Jak wyjaśnia flamandzki dziennik "Het Laatste Nieuws", w środę wczesnym popołudniem pewien mężczyzna kupił bilet na wystawę, podszedł do rzeźby "La Femme aux tiroirs" ("Kobieta-szuflada"), niezauważenie oderwał ją od cokołu, ukrył w torbie i, nie wzbudzając niczyich podejrzeń, opuścił wystawę. Belgijska policja, która potwierdziła kradzież, oszacowała wartość dzieła na 100-120 tys. euro. Jak podała agencja Belga, kradzież zarejestrowały kamery. Policja obecnie analizuje zdjęcia.
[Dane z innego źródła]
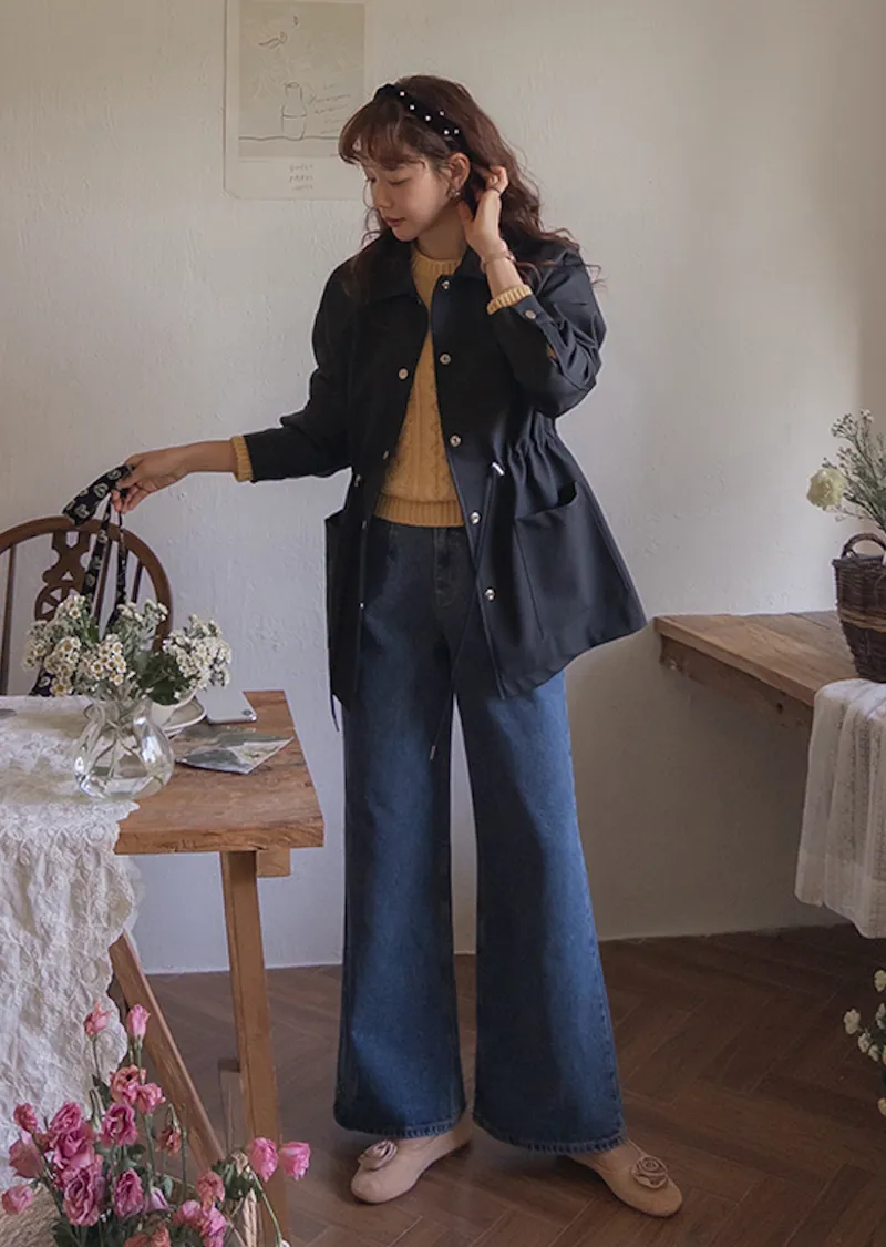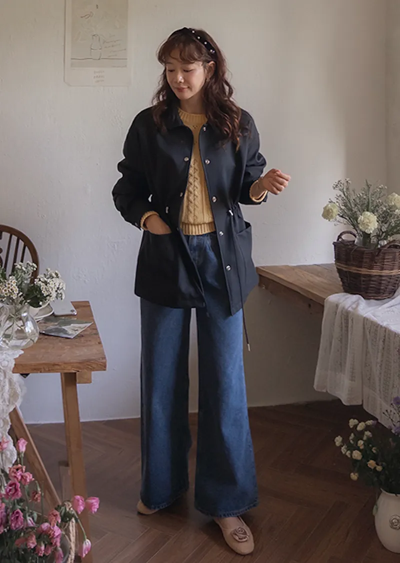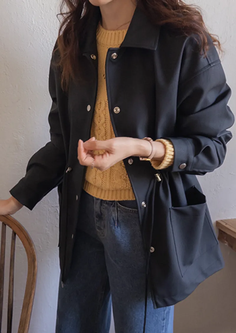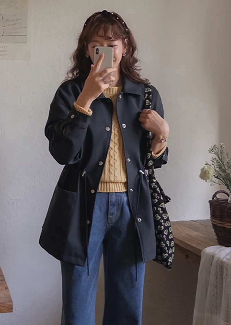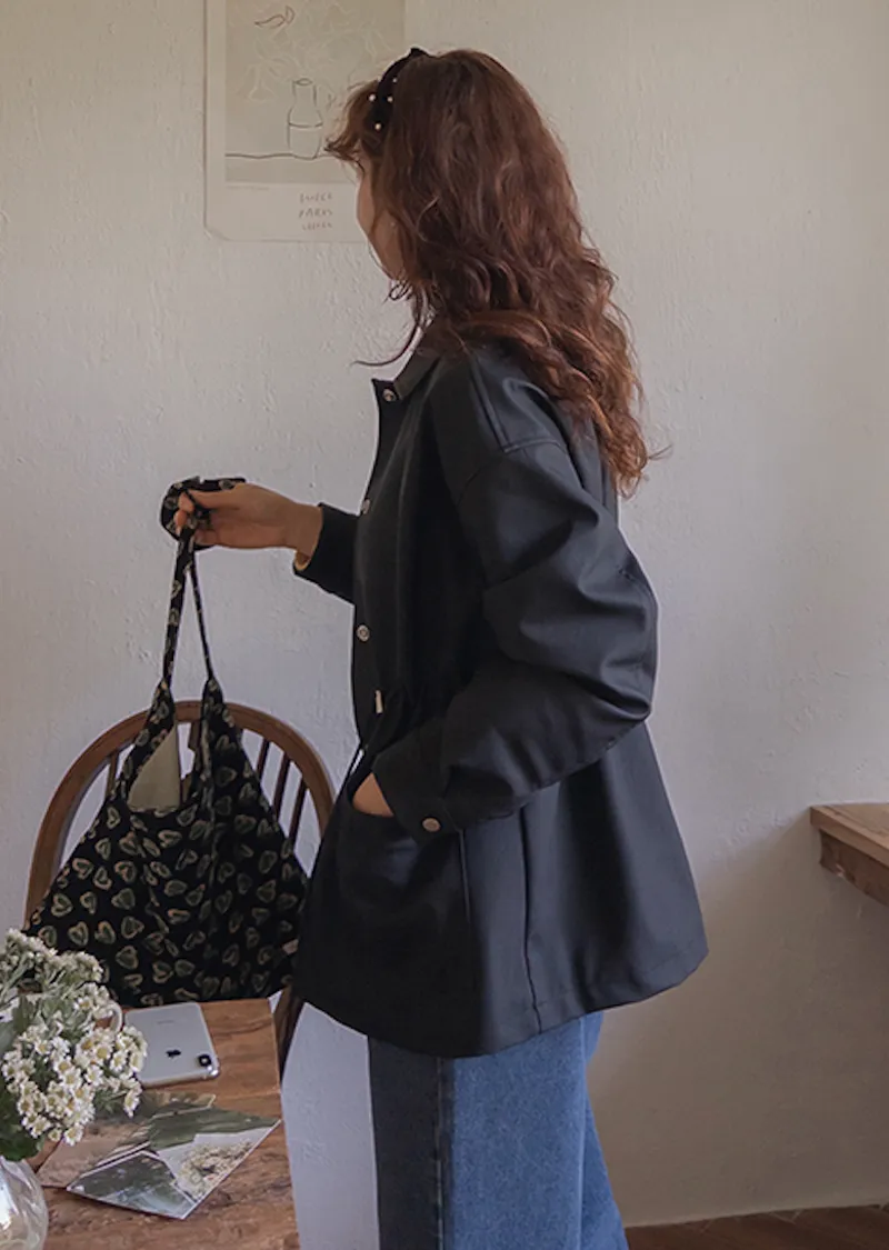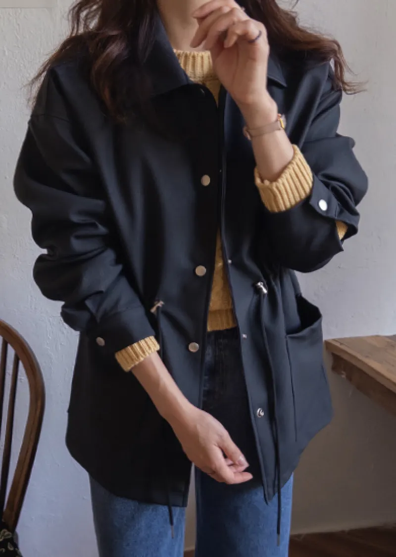【讓腰部更顯纖細的皮革夾克! 】 【長度覆蓋至臀部】 【彈性和回彈性佳! 】 【腰帶可調式尺寸! 】

Choć rzeźba była ubezpieczona, to nie chroniło jej specjalne urządzenie alarmowe - wyjaśnił dziennikowi "Het Laatste Nieuws" jeden z organizatorów wystawy Stefaan Delbaere. Dodał, że do zadań strażników należało sprzedawanie biletów i najprawdopodobniej wspólnik złodzieja w momencie kradzieży odwrócił ich uwagę.

Niespełna rok temu, także w biały dzień, z muzeum w Brukseli dwóch mężczyzn ukradło obraz belgijskiego surrealisty, Rene Magritte'a.

Mierząca ok. 50 cm rzeźba pochodzi z 1964 roku i waży ok. 10 kilogramów. Przedstawia młodą kobietę w pozycji półleżącej, z której brzucha i klatki piersiowej wystaje sześć szuflad.